Australia-Wide Assessment of River Health: Northern Territory AusRivAS Sampling and Processing Manual
J. Lloyd and S. Cook
Natural Resources Division, Department of Lands, Planning and Environment
Monitoring River Health Initiative Technical Report Number 19
Environment Australia, 2002
ISBN 0 642 54886 2
About this Manual
Rivers and streams in Australia are accessed and used by people for a variety of activities, ranging from extraction of drinking and irrigation water, industrial uses, stock watering to recreational pursuits. Recently, concern about the degradation of rivers and streams has prompted the introduction of various systems to assess river health. River health is difficult to define, but can be considered in terms of the degree of similarity between a river and unimpacted rivers of a similar type. Levels of impact on a river can therefore be determined by a comparison of the water quality, biological and physical characteristics of impacted rivers and also of rivers in pristine or untouched condition.
Traditional methods for assessment of riverine conditions have largely relied on sampling and monitoring of physico-chemical parameters (such as pH), which didn't necessarily provide an easily interpretable picture of the biological condition of the waterbody. More recently, an integrated approach has been implemented, whereby characteristics of a waterbody and surrounds, such as depth, width, degree of erosion on banks; flow characteristics; available habitats and their condition; water quality and also biological characteristics are measured and assessed. Impacts and stresses on a river system may arise from a number of different sources, for example through riparian vegetation clearing, changes in water quality through pollution inflow and stock access changing bank characteristics.
An impact on a river system may affect not only the physical characteristics and/or water quality of a river, but also the habitats and environment of the many different organisms making up the fauna and flora associated with that river. Each of these biological groups will respond in different ways to stresses in their environment. To assess the condition of Australian waterways, macroinvertebrates (water bugs) were adopted as biological indicators of water quality.

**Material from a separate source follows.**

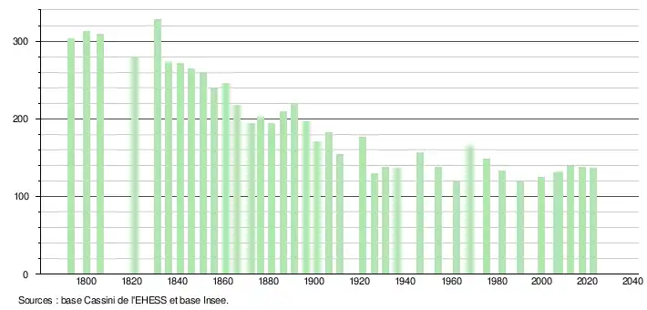 L'évolution du nombre d'habitants est connue à travers les recensements de la population effectués dans la commune depuis 1793. Pour les communes de moins de 10 000 habitants, une enquête de recensement portant sur toute la population est réalisée tous les cinq ans, les populations de référence des années intermédiaires étant quant à elles estimées par interpolation ou extrapolation[30]. Pour la commune, le premier recensement exhaustif entrant dans le cadre du nouveau dispositif a été réalisé en 2007[31].

Macroinvertebrates (animals without backbones) live, for at least some part of their life history, in the aquatic system and are usually large enough to be seen with the naked eye. This group includes dragonflies, caddisflies, biting flies (eg. midges), mites, snails, mussels, prawns and crayfish. Macroinvertebrates were chosen because of their abundance and diversity nationally, their sensitivity to changes in water quality, and relatively good taxonomic knowledge. They are also limited in their ability to move from an area of river that is being adversely impacted, and will recolonise quite slowly after pulse pollution events. These animals have been utilised worldwide as good indicators of river and stream health and are increasingly used for rapid bioassessment.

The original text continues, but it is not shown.